On examination patient was afebrile and no lymphadenopathy and her gait was unusually wide and large, hypertrophied, pendulous, multilobed mass of hypertrophied tissue hanging down and obstructing the vulval cleft was seen on left side (Fig. 1). On standing position swelling was hanging up to upper 1/3rd of thigh. Overlying skin was hard and thickened and showed extensive rugosities. The overlying skin was chronically infected with areas of ulceration and pigmentation. There was foul smelling odour due to infection. On palpation it was firm irregular and none pitting. No inguinal lymphadenopathy or any scars and sinuses in that area. On systemic examination no abnormality detected.

Figure 1

Unilateral vulval elephantiasis

FNAC (fine needle aspiration cytology) done outside 2 months before showed hypocellular smear with lymphocytes on a proteinecious background. Biopsy showed lesion composing of interlacing band of fibroblasts and collagen and perivascular collection of lymphocytes and mononuclear cells were present (Fig. 2). The stroma showed myxoid changes and foreign body granulomas were present and features suggestive of superficial chronic inflammation. ZN staining was negative. PAS staining showed negative for fungal hyphae. Buffy coat examination no filarial was seen. Filarial antigen assay was positive. Her ESR was 50mm in first hour. Mantoux test was negative. Pelvic ultrasonography was unremarkable. Smear from the secretion showed mixed bacterial flora.

Figure 2

Biopsy report showing lymphatic infiltration and proliferation of fibrous tissue

Patient was started with antibiotics and daily dressing was done till the infection was subsided and the patient was planned for reconstructive surgery (excise the swelling and reconstruction of external genital) but the patient refused surgery due to personal reason.

Discussion

The term elephantiasis was first described by Celsius (30BC-50AD) (3). Lymphatic filariasis external genitelia are very rare and it has been reported as sporadic case reports even though it was first described in 1673 (5). Largest study on these cases was from India in 1980 where they have described 25 case reports (4).

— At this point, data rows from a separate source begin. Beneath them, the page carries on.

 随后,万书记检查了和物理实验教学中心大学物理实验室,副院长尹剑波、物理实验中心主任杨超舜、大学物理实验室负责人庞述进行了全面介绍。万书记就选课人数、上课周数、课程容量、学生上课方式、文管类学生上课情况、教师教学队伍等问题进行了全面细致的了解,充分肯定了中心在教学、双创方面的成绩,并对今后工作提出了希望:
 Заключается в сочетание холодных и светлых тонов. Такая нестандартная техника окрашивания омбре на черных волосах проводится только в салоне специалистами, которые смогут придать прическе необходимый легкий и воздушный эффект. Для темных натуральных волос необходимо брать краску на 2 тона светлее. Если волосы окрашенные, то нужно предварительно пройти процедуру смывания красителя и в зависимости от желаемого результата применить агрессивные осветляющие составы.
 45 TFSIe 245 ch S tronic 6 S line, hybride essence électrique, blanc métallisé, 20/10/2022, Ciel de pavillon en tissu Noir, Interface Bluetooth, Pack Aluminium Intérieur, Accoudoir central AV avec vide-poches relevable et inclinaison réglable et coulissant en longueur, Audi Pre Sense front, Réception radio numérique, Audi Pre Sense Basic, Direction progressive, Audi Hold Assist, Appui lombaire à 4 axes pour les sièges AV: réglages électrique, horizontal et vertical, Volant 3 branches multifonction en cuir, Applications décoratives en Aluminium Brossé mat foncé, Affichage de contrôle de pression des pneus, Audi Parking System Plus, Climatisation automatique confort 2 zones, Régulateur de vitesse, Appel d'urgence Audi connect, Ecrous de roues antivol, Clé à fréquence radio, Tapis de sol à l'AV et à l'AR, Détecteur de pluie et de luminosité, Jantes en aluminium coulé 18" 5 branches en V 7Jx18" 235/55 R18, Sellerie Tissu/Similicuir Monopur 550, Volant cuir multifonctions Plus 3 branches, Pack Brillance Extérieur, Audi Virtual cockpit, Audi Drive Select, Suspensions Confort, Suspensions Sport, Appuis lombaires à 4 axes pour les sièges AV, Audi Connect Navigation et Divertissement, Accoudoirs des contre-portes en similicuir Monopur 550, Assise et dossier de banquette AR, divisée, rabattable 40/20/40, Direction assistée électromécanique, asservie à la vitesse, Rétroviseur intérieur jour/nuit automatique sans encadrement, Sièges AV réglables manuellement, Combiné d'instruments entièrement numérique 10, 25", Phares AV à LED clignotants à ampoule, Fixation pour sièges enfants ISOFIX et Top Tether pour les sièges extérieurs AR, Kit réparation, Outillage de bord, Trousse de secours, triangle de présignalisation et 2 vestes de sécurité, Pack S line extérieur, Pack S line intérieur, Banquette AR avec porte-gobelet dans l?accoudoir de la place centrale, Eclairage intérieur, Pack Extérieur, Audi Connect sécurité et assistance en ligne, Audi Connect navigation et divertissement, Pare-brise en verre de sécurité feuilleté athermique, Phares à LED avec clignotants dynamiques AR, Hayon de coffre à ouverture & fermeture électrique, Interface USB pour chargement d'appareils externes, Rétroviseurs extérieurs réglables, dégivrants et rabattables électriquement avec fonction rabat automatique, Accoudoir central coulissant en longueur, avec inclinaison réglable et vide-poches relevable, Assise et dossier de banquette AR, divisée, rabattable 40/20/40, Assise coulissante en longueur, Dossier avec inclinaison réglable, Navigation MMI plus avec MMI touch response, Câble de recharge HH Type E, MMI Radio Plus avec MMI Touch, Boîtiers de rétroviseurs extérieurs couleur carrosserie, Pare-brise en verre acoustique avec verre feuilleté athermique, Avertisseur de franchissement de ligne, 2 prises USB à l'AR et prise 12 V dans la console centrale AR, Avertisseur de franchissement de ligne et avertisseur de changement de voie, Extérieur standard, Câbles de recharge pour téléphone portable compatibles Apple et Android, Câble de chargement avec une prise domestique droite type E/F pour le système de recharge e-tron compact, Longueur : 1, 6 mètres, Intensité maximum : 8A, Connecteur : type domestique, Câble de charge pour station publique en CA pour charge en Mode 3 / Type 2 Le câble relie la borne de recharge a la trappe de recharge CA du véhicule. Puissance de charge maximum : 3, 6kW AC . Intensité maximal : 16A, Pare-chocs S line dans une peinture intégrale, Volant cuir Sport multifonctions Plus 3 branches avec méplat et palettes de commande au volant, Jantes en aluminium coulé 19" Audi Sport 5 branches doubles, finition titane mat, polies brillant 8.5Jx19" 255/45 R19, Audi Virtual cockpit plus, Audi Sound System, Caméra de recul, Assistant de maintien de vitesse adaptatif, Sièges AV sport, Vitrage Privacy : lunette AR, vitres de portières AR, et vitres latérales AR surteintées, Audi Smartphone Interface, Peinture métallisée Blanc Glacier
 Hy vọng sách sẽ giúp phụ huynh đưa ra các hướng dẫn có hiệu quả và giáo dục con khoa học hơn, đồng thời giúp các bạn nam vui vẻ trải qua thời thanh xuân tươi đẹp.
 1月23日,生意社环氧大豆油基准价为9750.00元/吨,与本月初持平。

Elephantiasis of vulva roughly affects not more than 1-2% of total case of filarial elephantiasis (6). Causes include filariasis, lymphogranuloma venerum, donovanosis and tuberculosis, it can also occur fallowing radical hysterectomy, pelvic lymphadenectomy and radiation. The main differential diagnosis include fibro epithelial polyp, fungal infection, granuloma inguinale, carcinoma and irradiation (7).

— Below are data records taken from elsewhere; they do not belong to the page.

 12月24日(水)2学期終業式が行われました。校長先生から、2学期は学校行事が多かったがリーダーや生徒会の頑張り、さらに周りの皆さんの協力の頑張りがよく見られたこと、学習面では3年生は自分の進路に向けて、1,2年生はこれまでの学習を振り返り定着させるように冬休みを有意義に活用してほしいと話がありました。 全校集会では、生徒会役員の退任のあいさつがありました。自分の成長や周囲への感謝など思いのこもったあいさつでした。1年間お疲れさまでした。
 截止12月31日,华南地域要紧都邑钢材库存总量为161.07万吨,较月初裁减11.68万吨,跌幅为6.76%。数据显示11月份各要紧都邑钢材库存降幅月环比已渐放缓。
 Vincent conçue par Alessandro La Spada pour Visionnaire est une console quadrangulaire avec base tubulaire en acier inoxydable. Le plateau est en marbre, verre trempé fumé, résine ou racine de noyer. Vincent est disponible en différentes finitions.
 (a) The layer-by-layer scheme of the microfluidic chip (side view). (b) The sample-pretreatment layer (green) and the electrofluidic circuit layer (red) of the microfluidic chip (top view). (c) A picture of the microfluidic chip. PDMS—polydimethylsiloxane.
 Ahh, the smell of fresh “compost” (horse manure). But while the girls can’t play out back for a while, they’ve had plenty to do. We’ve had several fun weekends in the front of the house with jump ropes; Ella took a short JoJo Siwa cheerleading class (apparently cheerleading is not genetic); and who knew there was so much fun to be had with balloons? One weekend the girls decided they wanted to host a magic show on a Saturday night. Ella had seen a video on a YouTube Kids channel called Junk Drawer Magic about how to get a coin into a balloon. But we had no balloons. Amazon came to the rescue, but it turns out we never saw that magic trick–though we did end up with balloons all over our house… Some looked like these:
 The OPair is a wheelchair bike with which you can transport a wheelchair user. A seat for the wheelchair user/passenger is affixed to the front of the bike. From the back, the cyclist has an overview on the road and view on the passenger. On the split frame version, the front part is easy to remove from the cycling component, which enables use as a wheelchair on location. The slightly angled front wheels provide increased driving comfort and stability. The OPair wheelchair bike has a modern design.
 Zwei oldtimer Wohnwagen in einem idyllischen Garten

Management of vulval elephantiasis include multidisciplinary approach involving gynaecologist, dermatologist and plastic surgeon. Aim of the management is to reduce the swelling, restore the normal shape and sexual function and to prevent inflammatory episodes.

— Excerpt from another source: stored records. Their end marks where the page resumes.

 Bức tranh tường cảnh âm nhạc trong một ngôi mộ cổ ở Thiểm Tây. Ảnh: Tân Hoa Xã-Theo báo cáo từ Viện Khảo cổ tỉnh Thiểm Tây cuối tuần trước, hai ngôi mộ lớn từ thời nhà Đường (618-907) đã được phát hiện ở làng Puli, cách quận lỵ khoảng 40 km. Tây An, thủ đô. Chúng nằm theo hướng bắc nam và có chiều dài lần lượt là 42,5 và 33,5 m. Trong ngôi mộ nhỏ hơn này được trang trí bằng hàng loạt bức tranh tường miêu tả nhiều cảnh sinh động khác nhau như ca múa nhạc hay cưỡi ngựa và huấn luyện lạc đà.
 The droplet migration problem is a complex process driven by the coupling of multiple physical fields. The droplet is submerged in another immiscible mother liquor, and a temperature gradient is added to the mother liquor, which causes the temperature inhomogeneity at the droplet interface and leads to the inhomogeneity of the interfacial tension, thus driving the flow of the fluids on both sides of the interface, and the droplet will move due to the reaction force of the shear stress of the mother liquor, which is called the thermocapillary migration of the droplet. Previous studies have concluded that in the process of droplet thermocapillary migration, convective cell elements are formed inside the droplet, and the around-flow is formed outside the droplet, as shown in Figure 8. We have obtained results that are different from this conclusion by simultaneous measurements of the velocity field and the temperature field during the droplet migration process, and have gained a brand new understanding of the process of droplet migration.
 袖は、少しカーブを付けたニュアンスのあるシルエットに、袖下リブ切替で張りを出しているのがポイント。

Diethylcarbamazine (DEC) in three divided doses of 6 mg/kg/day for 12 days kills adults and microfilaria. Good skin care and prompt treatment of the bacterial infections is very important in management. Surgical management includes excision of skin and subcutaneous tissue of involved part and closing the defect with adjacent normal skin. If the defect is very large split thickness skin graft or bilateral super medial thigh flaps can be used. Excision therapy for vulval elephantiasis is quiet satisfactory (8).

This case is presented because of its rarity and it recurrence after initial reconstructive surgery. Vulval filariasis in most of the times is a clinical diagnosis. Neither the micro filarial is seen in peripheral smear nor the filarial worm demonstrated in the tissue section. Only clue towards diagnosis in our case is positive filarial antigen assay.